Two masses are attached to a rod end to end. If torque is applied, they rotate with angular acceleration $\alpha$.If their distances are doubled and same torque is applied, then the move with angular acceleration:

• A. 4$\alpha$
• B. $\alpha$
• C. 3$\alpha$
• D. $\alpha$/4

Answer 1

Answer: (D)

$\alpha$/4

Suppose the masses $m_1$and $m_2$ are attached to the ends of a massless rod. $C_1$ is the axis of rotation which is at a distance R from each of the masses.

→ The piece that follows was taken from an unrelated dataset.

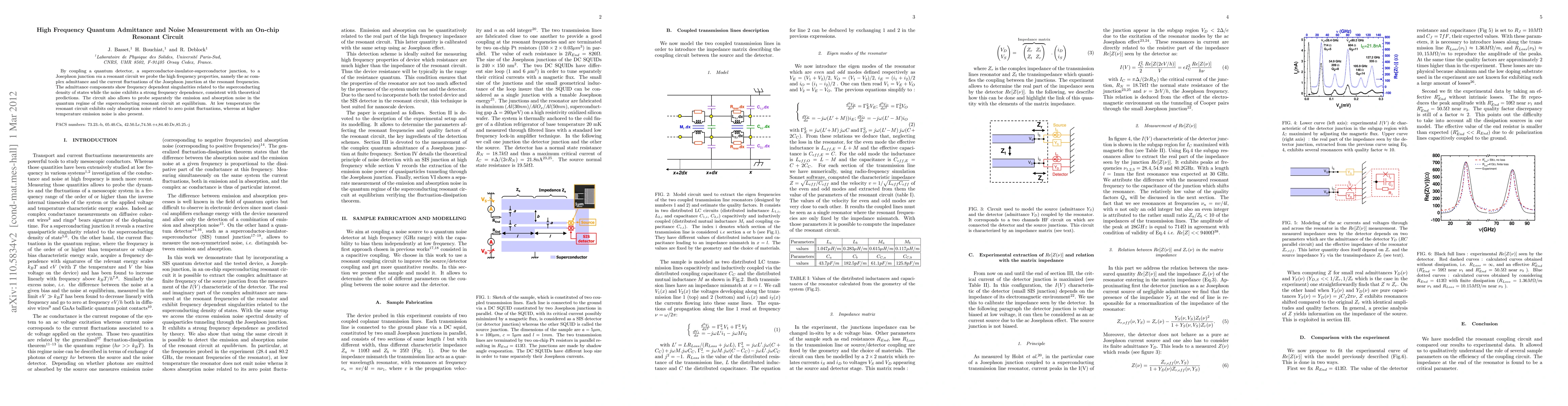 This paper investigates the high-frequency quantum admittance and noise characteristics of a Josephson junction coupled to a superconductor-insulator-superconductor junction via a resonant circuit. The study reveals frequency-dependent singularities in admittance and strong frequency-dependent noise, consistent with theoretical predictions, and distinguishes emission and absorption noise in the quantum regime.

.'. The moment of inertia of the system,

$I=m_1{R}^2+m_2{R}^2=(m_1+m_2)R^2$

Now if the distance between the masses is doubled, then the moment of inertia,

$I^{\prime }=m_1(2R{)}^2+m_2(2R{)}^2=(m_1+m_2)4R^2$

$\tau =I\alpha =I^{\prime }{\alpha }^{\prime }$

Since the same torque is applied in both the cases,

So New angular acceleration ${\alpha }^{\prime }=\frac{I^{\prime }\alpha }{I}=\frac{(m_1+m_2)R^2\alpha }{(m_1+m_2)4R^2}=\frac{\alpha }{4}$